▶ [What to do]: Leave out the pictures and repeat exactly the lines from the one containing "Radio Shack 279-151" through the end of the records.

▶ [Data records]:
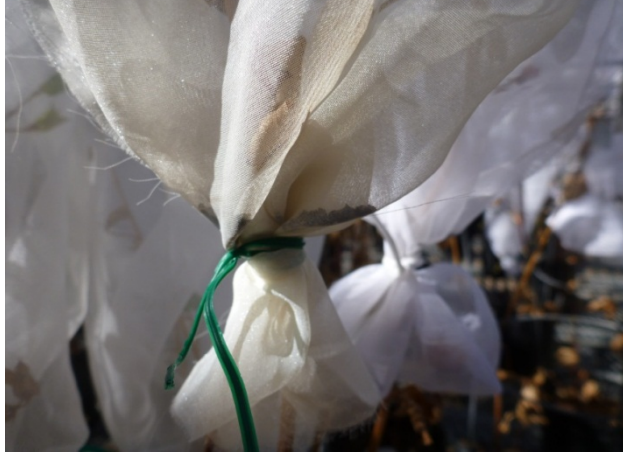
Figure 5. Baker's Larkspur Seed Collection at U.C. Botanical Garden, Berkeley.
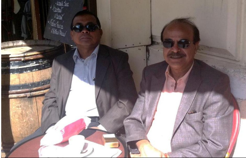
Photo at café in Paris May 12 th . 2011

An example of consisting characteristics is the tendency to speak with other guests at cafés and restaurants. During the coffee break all of the researchers was approached by a man sitting at the table
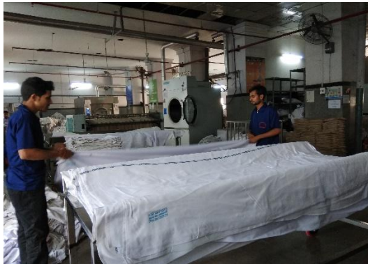
Folding of linen
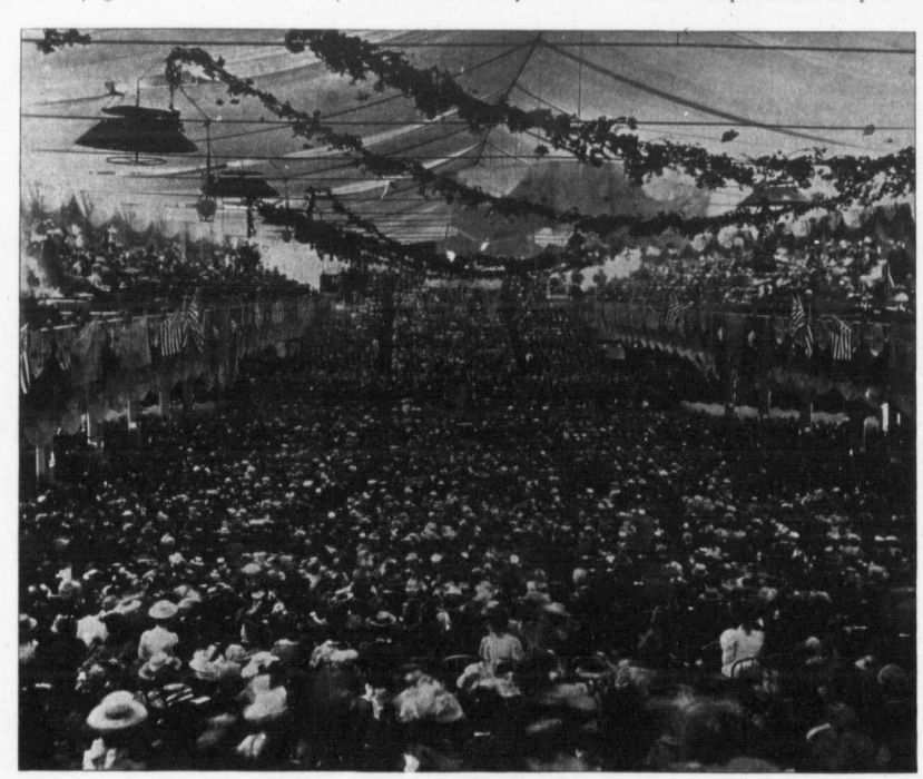
A BIG MEETING AT THE MECHANICS' PAVILION, SAN FRANCISCO.

But what is the good of the Epworth League, any way? What is the good? Why, sir, the significance of this movement is deeper far than many can see,
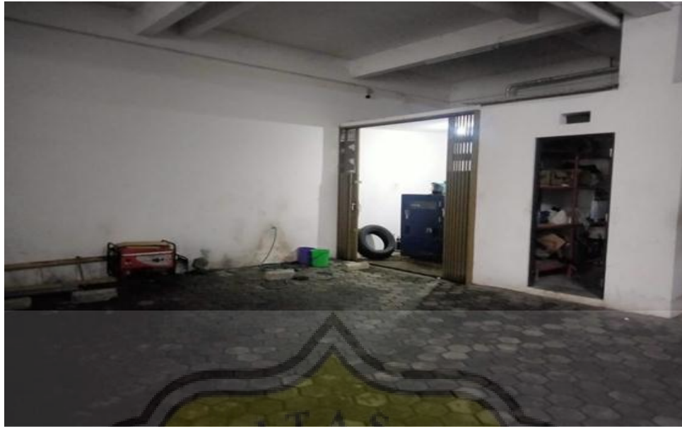
Gambar 5 Aset Fisik Berupa Cadangan Listrik ( Genset ) di Rhema Guesthouse
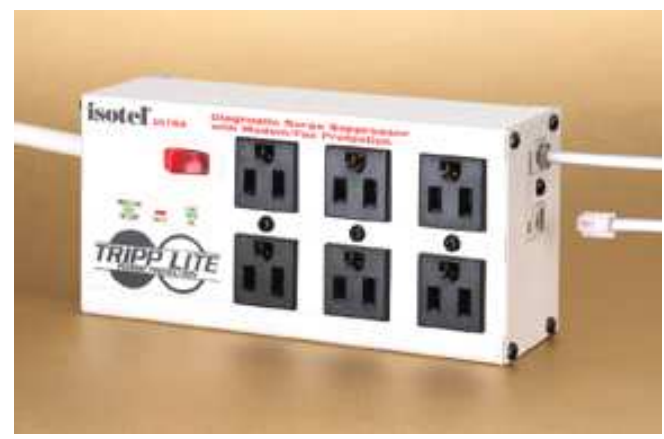
Radio Shack 279-151 and Tripp Lite Isotel6ultra.
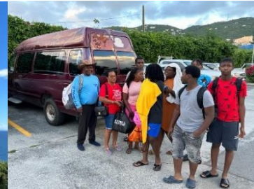
Our altar servers on the journey to Water Island after Christmas
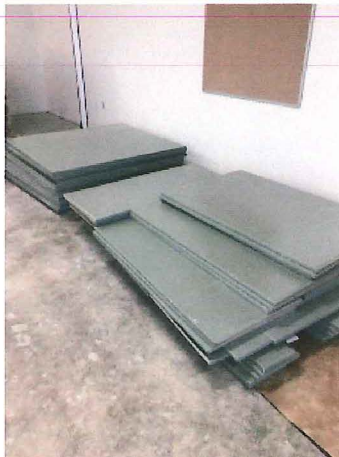
2018.03.29 – Toilet partitions staged for installation.

▶ [Completed exercise]:
Radio Shack 279-151 and Tripp Lite Isotel6ultra.
Our altar servers on the journey to Water Island after Christmas
2018.03.29 – Toilet partitions staged for installation.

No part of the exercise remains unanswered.